Wait, what? How can it be smaller than tar+xz?

The key here lies in the tar file format. It interleaves file data and metadata. Compressors do not really like this, because these two items usually have different statistics. Putting data that is similar next to each other improves compression ratios. Jpak stores the file metadata in a structure-of-arrays formation. That is, each metadata is a structure with properties A, B, C and so on. Jpak first writes the property A of all entries followed by all properties B and so on. This layout compresses better than tar's intermixed layout. Or that's the working theory at the moment, there has not been a thorough analysis.

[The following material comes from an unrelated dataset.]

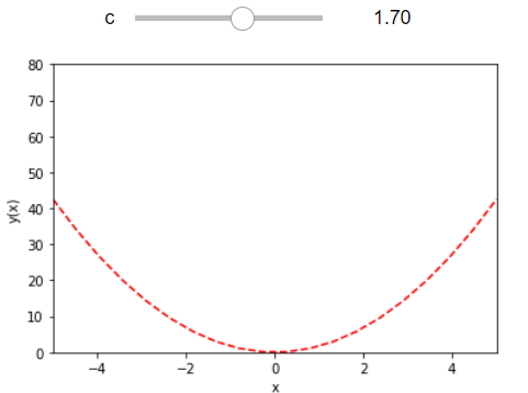 1 2 c_slide = wg.FloatSlider(value=1.0 , min=0 , max=3.0 , step=0.1 ) wg.interact(myPlot, c=c_slide)
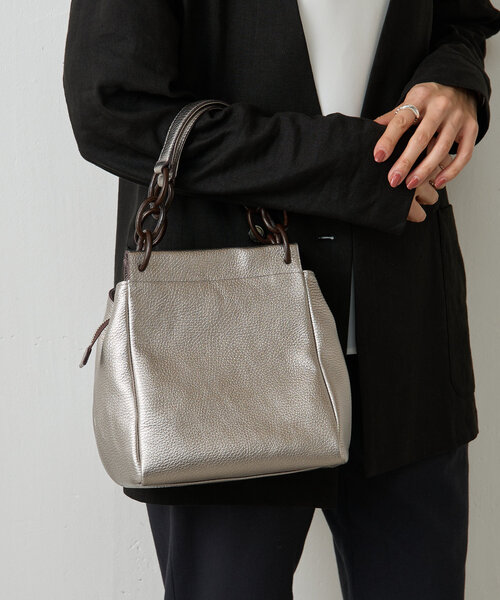 ■アイテム都会的な洗練を纏う、上質なレザーチェーンバッグ。メタリックなチェーン付きのハンドルはシンプルながらも存在感があり、アクセントに。どんなスタイルにも合わせやすくデイリーユースからフォーマルなシーンまで幅広く活躍するデザインです。シボ感のあるレザーは、上品な光沢を放ち、高級感を演出。コンパクトながらも、必要な物をしっかり収納できるサイズ感で、使いやすさも抜群です。■素材本体:牛革裏地:マイクロスエード※着用時は、必ず取扱い表示・タグをご確認の上、お取り扱い下さい。《予約商品について》・サンプルの為、素材情報については企画段階の情報を記載しております。公的機関での試験データ結果を受け、量産にあたり混率の変更が発生する場合がございますので、ご了承くださいませ。・サンプルでの撮影、計測をしております。商品の仕様が一部変更になる場合がございます。・撮影サンプル品はブランドタグがついておりません。製品にはタグがつきますので、製品の表に縫い糸が見える場合がございます。・工場の生産の都合上、納期が変更になる場合がございます。検品や輸送の関係で、発送日が前後しますのでご了承ください。また、入荷状況により、お客様への発送が店頭販売より遅れる場合もございます。・店頭に陳列していた商品も含まれる場合がございます。《商品画像について》ご覧頂いている商品の写真につきましては、できるだけ実物の色に近くなるように努めておりますが お使いの環境(モニター、ブラウザ等)の違いにより、色の見え方が実物と若干異なる場合がございます。 予めご了承ください。《ハートをタップして商品のお気に入り登録》登録カラーの商品の「残りわずか」「再入荷」「値下げ」通知を受け取ることができます。各ショップアプリにてブランドフォロー 新商品などの入荷情報、最新のニュースやお得な情報を受け取ることができます。

It should be noted that the actual compression method is the same in every case: LZMA as provided by liblzma. The only difference is in how the data is laid out in the file. Changing the layout allows you to do the compression and decompression in parallel, get a random access index to your data and achieve as good or even better compression ratios with the downside being slightly slower access to individual files.

The small print

The current implementation does not actually do the operations in parallel (though Parzip does). The code has not been tested very thoroughly, so it might fail in many interesting ways. Do not use it to store any data you care about. The current implementation stores user and group metadata only as numbers rather than in strings, so it is not exactly equivalent to tar (though user/group strings are usually the same for most files so they compress really well). Other metadata bits may be missing as well.